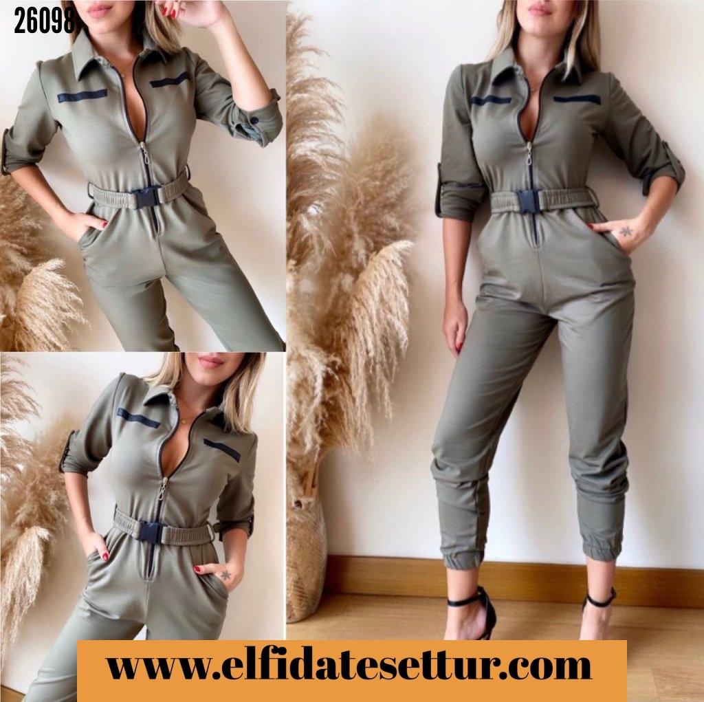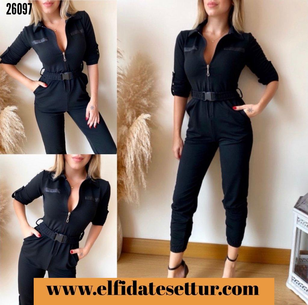 ❤İki iplik kumaş fermuarlı kemer detaylı efsane tulum.
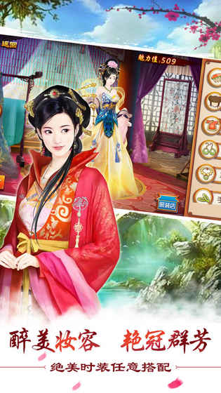 特色DIY装扮,华美的后宫,绝色的佳人亲手装扮。游戏内各种古风唯美的服饰可供选择。
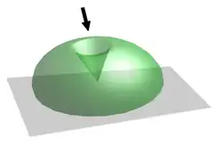 The green volume illustrates visible space limited by the keyhole problem. The arrow points to the "keyhole" as unviewable sky volume.
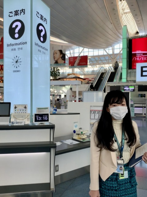 衆議院国土交通委員会「バリアフリー法改正案の審査・新型コロナウイルス対策に関する現場視察⑥案内カウンター視察(羽田空港国際線ターミナル)」 ※与党筆頭理事
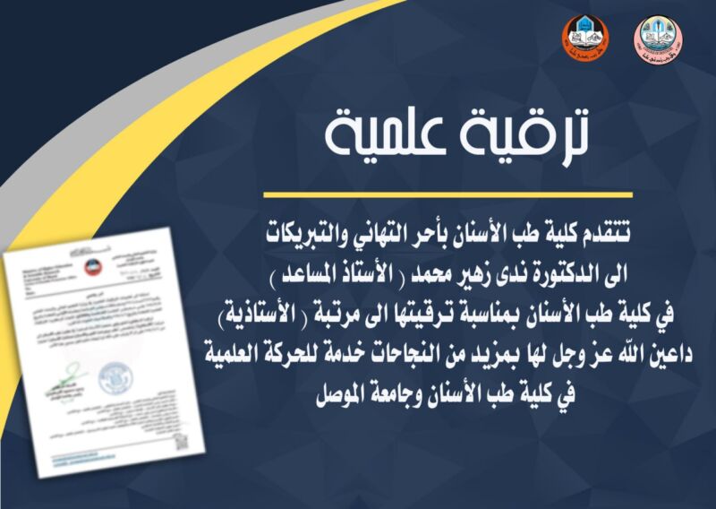 mohamadaljalily2025-11-28T16:22:58+00:00The Deanship of the College of Dentistry extends its warmest congratulations to Dr. Nada Zuher Mohammed, a faculty member at the Department of Prosthodontics, on her promotion to the rank of Professor We congratulate her on this scientific achievement and wish her continued success and productivity “Achieved targets of the Sustainable Development Goals: Goal 4.”
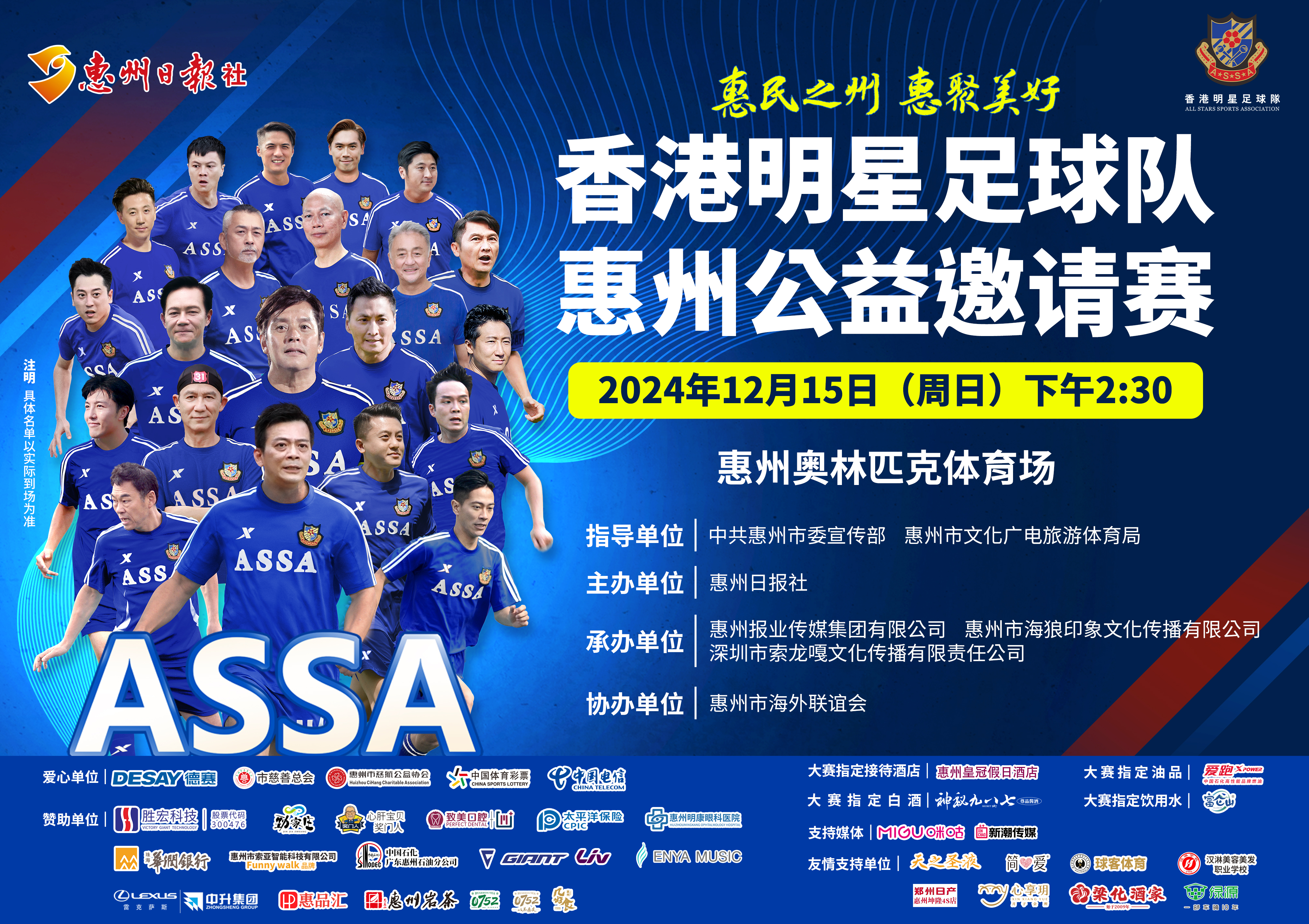 何家勁、黃日華、李子雄、羅家英、梁漢文……看著這些香港明星的名字,你是否也跟我一樣,全是滿滿的回憶?在12月15日下午舉行的“惠民之州 惠聚美好”香港明星足球隊惠州公益邀請賽上,他們將在惠州奧林匹克體育場約定你。
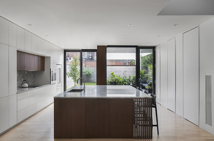 Le projet Saint-Vallier emprunte donc l’implantation et la volumétrie du bâtiment qui l’a précédé. La façade avant s’insère en harmonie avec son voisin au sud et en retrait de son voisin au nord, permettant de préserver la petite cour avant caractéristique de La Petite-Patrie. Ce dégagement accueille un grand saut-de-loup, qui illumine le logement du sous-sol tout en laissant suffisamment d’espace pour y aménager un jardin d’arbustes et d’herbacées.
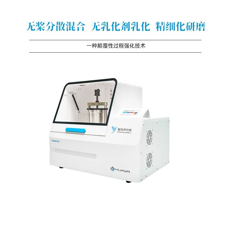 HAM 2000桌面式實驗室型蜂鳥聲共振,適用于實驗室研究及小體量生產(chǎn)使用,單次處理能力可以達到約2000毫升,設(shè)備可定制化設(shè)計在應(yīng)用范圍內(nèi)可無需考量介質(zhì)條件因素,對于物料選擇持開放性,具體需根據(jù)樣品和工藝確定。
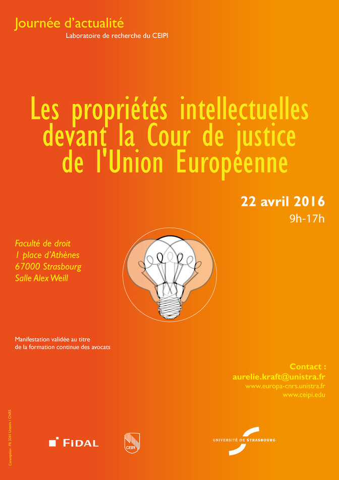 A one-day seminar entitled “Intellectual Property at the Court of Justice of the European Union” will be organized by the CEIPI’s Research Department and the Research Federation “L’Europe en mutation”, on 22nd April 2016, under the scientific leadership of Ms. Stephanie Carre and Mr. Franck Macrez, Associate Professors at CEIPI.
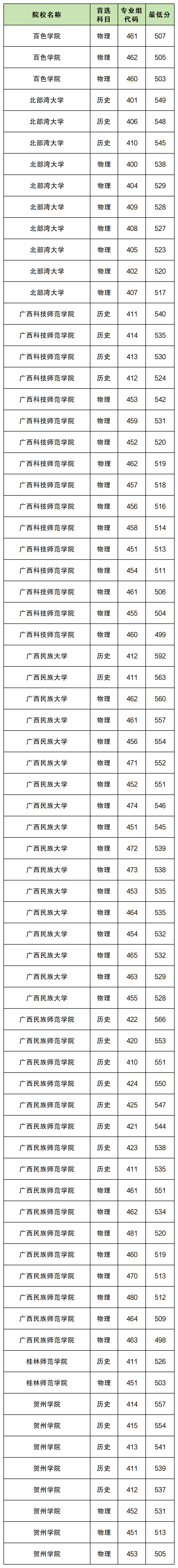 1、广西师范大学2025年最低分:物理类是532分、历史类是559分。
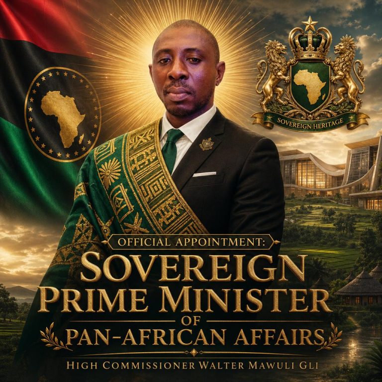 WALTER MAWULI GLI APPOINT AS SOVEREIGN PRIME MINISTER OF PAN AFRICAN AFFAIRS Walter Mawuli Gli has been appointed Sovereign Prime Minister
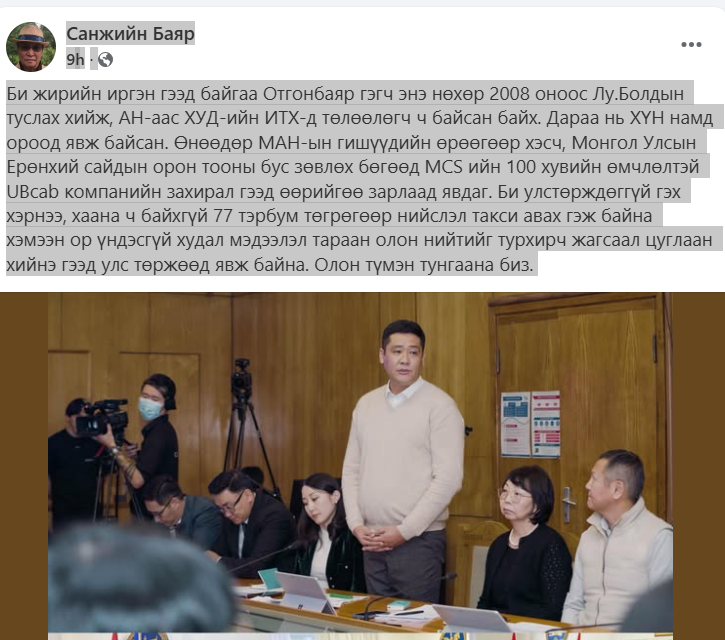 С.Баяр "Би жирийн иргэн гээд байгаа Отгонбаяр гэгч энэ нөхөр 2008 оноос Лу.Болдын туслах хийж, АН-аас ХУД-ийн ИТХ-д төлөөлөгч ч байсан байх. Дараа нь ХҮН намд ороод явж байсан. Өнөөдөр МАН-ын гишүүдийн өрөөгөөр хэсч, Монгол Улсын Ерөнхий сайдын орон тооны бус зөвлөх бөгөөд MCS ийн 100 хувийн өмчлөлтэй UBcab компанийн захирал гээд өөрийгөө зарлаад явдаг. Би улстөрждөггүй гэх хэрнээ, хаана ч байхгүй 77 тэрбум төгрөгөөр нийслэл такси авах гэж байна хэмээн ор үндэсгүй худал мэдээлэл тараан олон нийтийг турхирч жагсаал цуглаан хийнэ гээд улс төржөөд явж байна. Олон түмэн тунгаана биз" гэв.
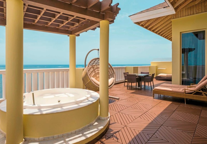 Beim Schlafen wählt Ihr meist zwischen zwei Queensize-Betten (ca. 1,40 x 2 m) oder Kingsize-Variante, je nach Kategorie. Minibar, Kaffee-/Teezubereiter, Bügelset, Schreibtisch und Gute-Nacht-Service strukturieren den Tagesrhythmus. In ausgewählten Kategorien gehört Meerblick dazu; teils sind zusätzliche Ausstattungen wie Küche vorgesehen. Der Fliesenboden sorgt für klare Linien. Highlight: Geräumige Zimmer mit Hydromassage-Badewanne und optionalem Meerblick.
• • • •
### [What you are asked to do]
Only the text of the records belongs in your answer, repeated exactly; the pictures stay out.

### [Task response]
 ❤İki iplik kumaş fermuarlı kemer detaylı efsane tulum.
 特色DIY装扮,华美的后宫,绝色的佳人亲手装扮。游戏内各种古风唯美的服饰可供选择。
 The green volume illustrates visible space limited by the keyhole problem. The arrow points to the "keyhole" as unviewable sky volume.
 衆議院国土交通委員会「バリアフリー法改正案の審査・新型コロナウイルス対策に関する現場視察⑥案内カウンター視察(羽田空港国際線ターミナル)」 ※与党筆頭理事
 mohamadaljalily2025-11-28T16:22:58+00:00The Deanship of the College of Dentistry extends its warmest congratulations to Dr. Nada Zuher Mohammed, a faculty member at the Department of Prosthodontics, on her promotion to the rank of Professor We congratulate her on this scientific achievement and wish her continued success and productivity “Achieved targets of the Sustainable Development Goals: Goal 4.”
 何家勁、黃日華、李子雄、羅家英、梁漢文……看著這些香港明星的名字,你是否也跟我一樣,全是滿滿的回憶?在12月15日下午舉行的“惠民之州 惠聚美好”香港明星足球隊惠州公益邀請賽上,他們將在惠州奧林匹克體育場約定你。
 Le projet Saint-Vallier emprunte donc l’implantation et la volumétrie du bâtiment qui l’a précédé. La façade avant s’insère en harmonie avec son voisin au sud et en retrait de son voisin au nord, permettant de préserver la petite cour avant caractéristique de La Petite-Patrie. Ce dégagement accueille un grand saut-de-loup, qui illumine le logement du sous-sol tout en laissant suffisamment d’espace pour y aménager un jardin d’arbustes et d’herbacées.
 HAM 2000桌面式實驗室型蜂鳥聲共振,適用于實驗室研究及小體量生產(chǎn)使用,單次處理能力可以達到約2000毫升,設(shè)備可定制化設(shè)計在應(yīng)用范圍內(nèi)可無需考量介質(zhì)條件因素,對于物料選擇持開放性,具體需根據(jù)樣品和工藝確定。
 A one-day seminar entitled “Intellectual Property at the Court of Justice of the European Union” will be organized by the CEIPI’s Research Department and the Research Federation “L’Europe en mutation”, on 22nd April 2016, under the scientific leadership of Ms. Stephanie Carre and Mr. Franck Macrez, Associate Professors at CEIPI.
 1、广西师范大学2025年最低分:物理类是532分、历史类是559分。
 WALTER MAWULI GLI APPOINT AS SOVEREIGN PRIME MINISTER OF PAN AFRICAN AFFAIRS Walter Mawuli Gli has been appointed Sovereign Prime Minister
 С.Баяр "Би жирийн иргэн гээд байгаа Отгонбаяр гэгч энэ нөхөр 2008 оноос Лу.Болдын туслах хийж, АН-аас ХУД-ийн ИТХ-д төлөөлөгч ч байсан байх. Дараа нь ХҮН намд ороод явж байсан. Өнөөдөр МАН-ын гишүүдийн өрөөгөөр хэсч, Монгол Улсын Ерөнхий сайдын орон тооны бус зөвлөх бөгөөд MCS ийн 100 хувийн өмчлөлтэй UBcab компанийн захирал гээд өөрийгөө зарлаад явдаг. Би улстөрждөггүй гэх хэрнээ, хаана ч байхгүй 77 тэрбум төгрөгөөр нийслэл такси авах гэж байна хэмээн ор үндэсгүй худал мэдээлэл тараан олон нийтийг турхирч жагсаал цуглаан хийнэ гээд улс төржөөд явж байна. Олон түмэн тунгаана биз" гэв.
 Beim Schlafen wählt Ihr meist zwischen zwei Queensize-Betten (ca. 1,40 x 2 m) oder Kingsize-Variante, je nach Kategorie. Minibar, Kaffee-/Teezubereiter, Bügelset, Schreibtisch und Gute-Nacht-Service strukturieren den Tagesrhythmus. In ausgewählten Kategorien gehört Meerblick dazu; teils sind zusätzliche Ausstattungen wie Küche vorgesehen. Der Fliesenboden sorgt für klare Linien. Highlight: Geräumige Zimmer mit Hydromassage-Badewanne und optionalem Meerblick.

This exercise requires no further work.